Tugas pengontrol data pribadi adalah sebagai berikut:
Wajib menyampaikan informasi tentang: Legalitas pemrosesan data pribadi Tujuan Jenis dan relevansi data pribadi yang akan diproses Jangka waktu penyimpanan dokumen yang berisi data pribadi Detail informasi yang dikumpulkan Jangka waktu pemrosesan data Hak subjek data Jika ada perubahan informasi, pengendali bertanggung jawab untuk memberi tahu subjek data sebelum mengubah. Pengontrol juga wajib menunjukkan bukti persetujuan yang telah diberikan oleh subjek data. Pengontrol diharuskan merekam semua aktivitas pemrosesan data pribadi. Pengontrol wajib memberikan akses subjek data ke data pribadi yang diproses selambat-lambatnya 3 x 24 jam sejak permintaan akses. meminta akses Pengontrol diharuskan untuk melakukan penilaian dampak perlindungan data dalam hal pemrosesan data yang menimbulkan risiko tinggi bagi subjek, seperti memiliki konsekuensi hukum. Pengontrol wajib melindungi dan memastikan keamanan data yang diproses, dengan cara: Mengatur dan menerapkan tindakan teknis operasional Menentukan tingkat keamanan data pribadi dengan mempertimbangkan sifat dan risiko data, Pengontrol bertanggung jawab untuk menjaga kerahasiaan data data pribadi. Controller bertanggung jawab untuk mengawasi setiap pihak yang terlibat dalam pengolahan data. Pengontrol bertanggung jawab untuk melindungi data dari pemrosesan yang tidak sah atau melanggar hukum. Pengontrol bertanggung jawab untuk mencegah data pribadi diakses secara ilegal. Pengontrol bertanggung jawab untuk menghentikan pemrosesan data jika subjek menarik persetujuan Pengontrol. harus menghentikan pemrosesan data selambat-lambatnya 3 x 24 jam setelah pencabutan persetujuan. Pengontrol harus memberi tahu subjek jika gagal melindungi datanya selambat-lambatnya 3 x 24 jam. Pengontrol juga harus melaporkan pemrosesan data yang tidak sah kepada otoritas yang kompeten
“Informasi yang harus disampaikan adalah jenis data yang bocor, kapan dan bagaimana kebocoran data itu terjadi, serta upaya penanganannya,” bunyi isi UU Perlindungan Data Pribadi.

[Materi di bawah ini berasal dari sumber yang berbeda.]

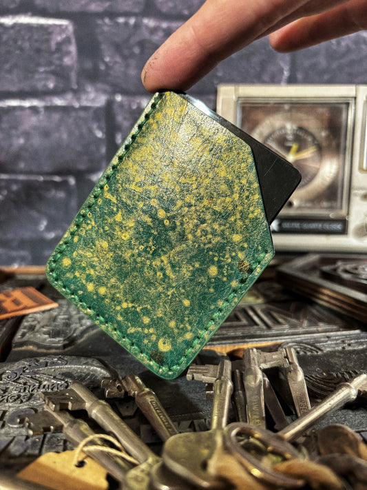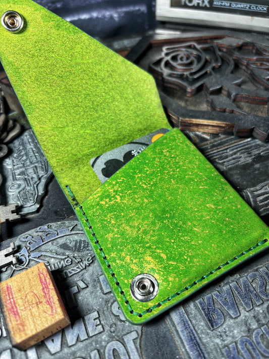 Hammered Green & Gold Grateful Dead Embossed Hand Made Leather Minimalist Wallet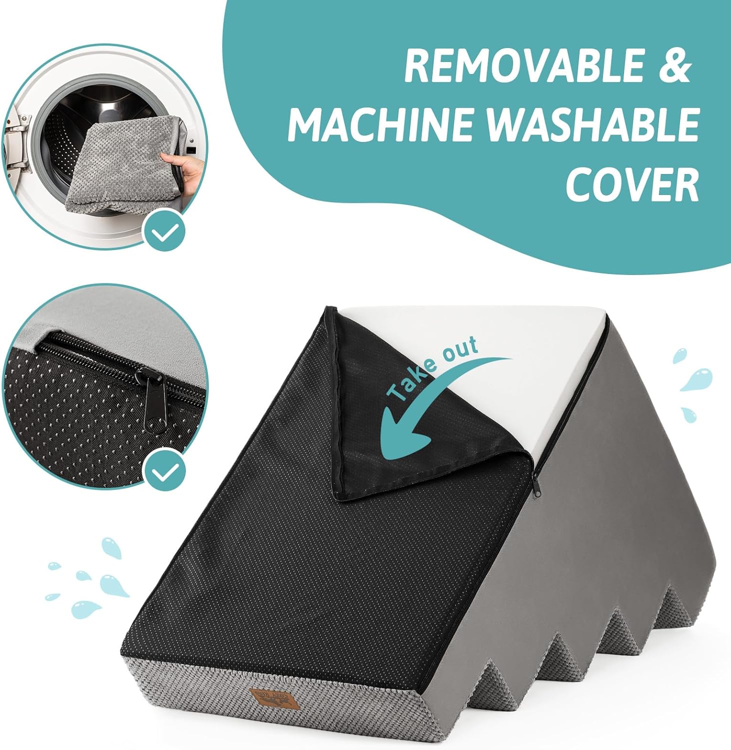 - Non-Slip Base and Removable Cover: Our dog steps for beds are equipped with a non-slip base featuring rubber dots for additional grip, minimizing movement during use. The pet steps cover is waterproof on the inner side, so you donât have to worry about stains seeping into the foam. The outer cover is removable and machine washable for easy cleaning

Ada lagi kewajiban kontrol dalam mengolah data pribadi, yang diatur dalam RUU Perlindungan Data Pribadi.
Sedangkan kewajiban pengolah data adalah:
Pengontrol data harus menunjuk pengolah data pribadi yang memiliki kewajiban untuk melakukan pengolahan data. Pemroses data harus mendapatkan persetujuan tertulis dari pengontrol data sebelum melibatkan pemroses data pribadi lainnya
UU Perlindungan Data Pribadi juga menjelaskan sanksi jika terjadi pelanggaran terhadap data pribadi pengguna, yakni Stindakan administratif berupa:
Peringatan tertulis Penghentian sementara kegiatan pengolahan data Penghapusan dan pemusnahan data Denda administratif
Namun, UU Perlindungan Data Pribadi baru akan berlaku penuh dua tahun setelah diundangkan pada 17 Oktober 2022. Artinya, akan mulai berlaku pada 17 Oktober 2024.

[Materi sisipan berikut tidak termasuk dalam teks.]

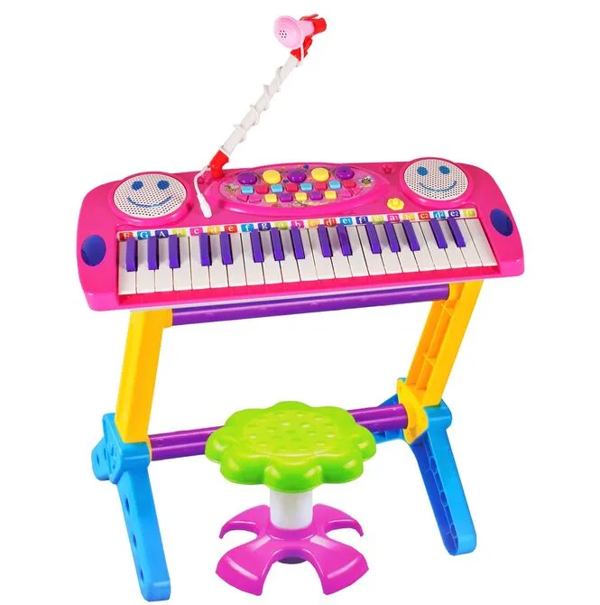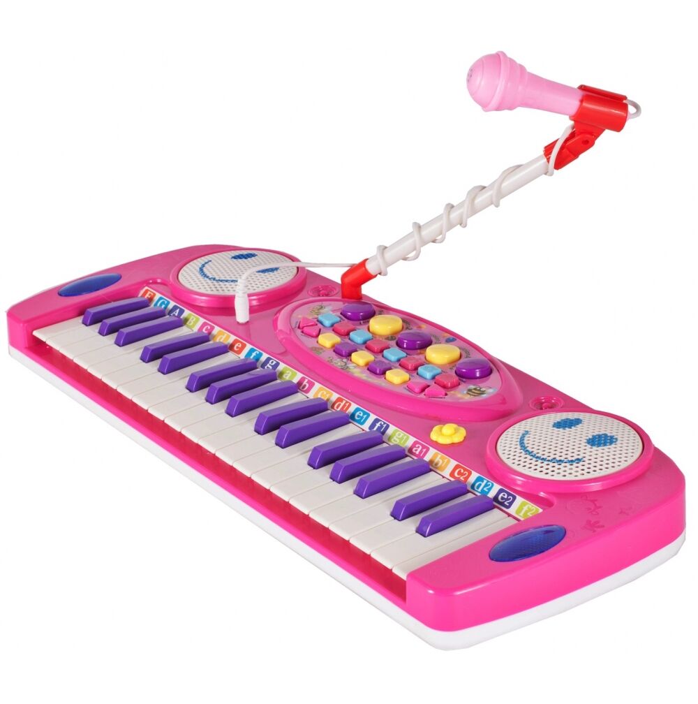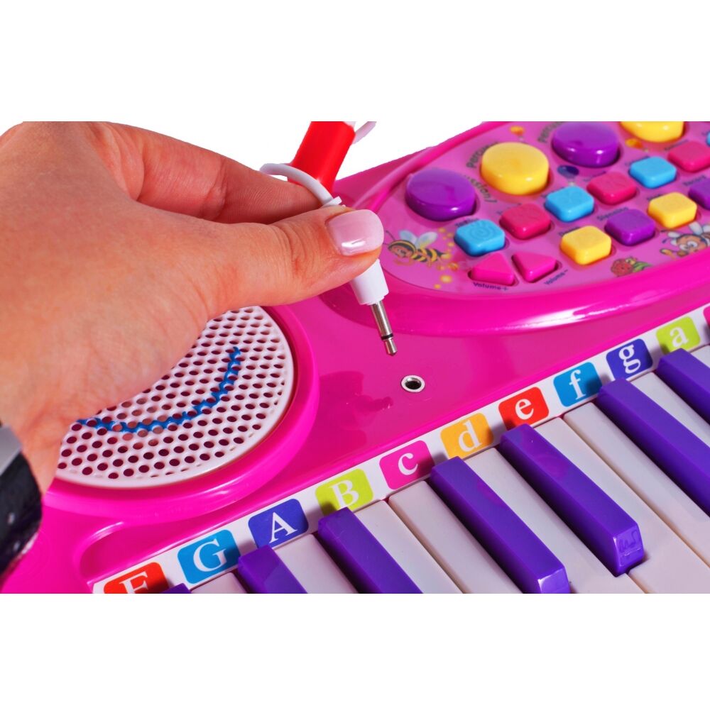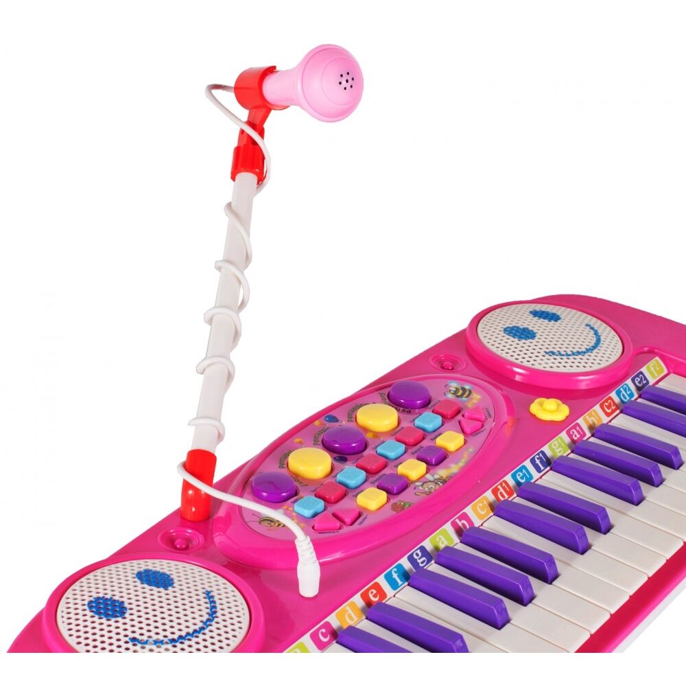 Posiada zintegrowany układ mikrokomputera, głośniki stereo, wysokiej jakości tony i miękkie dźwięki. Zabawna klawiatura z 37 klawiszami fortepianu, mikrofonem i stołkiem: dziecko może śpiewać podczas gry!

Layanan Penyebab Kesalahan BSI
Direktur Utama BSI Hery Gunardi mengatakan perseroan masih menyelidiki penyebab kesalahan layanan BSI, termasuk kemungkinan serangan siber. “Ini membutuhkan pembuktian lebih lanjut melalui audit dan forensik digital,” ujarnya dalam keterangan media, Rabu (10/5).
“Kami terus berkoordinasi dengan berbagai pihak, baik regulator maupun pemerintah,” tambah Hery.
Hery juga menegaskan komitmen BSI sebagai institusi perbankan untuk terus memperkuat pertahanan dan keamanan siber terutama untuk kepentingan nasabah.
Sebelumnya, Direktur Eksekutif ICT Institute Heru Sutadi menilai kesalahan layanan BSI kemungkinan besar disebabkan serangan siber yang menyebabkan lumpuh sementara. Kemudian layanan tersebut dapat digunakan kembali, tetapi datanya terputus atau dicuri.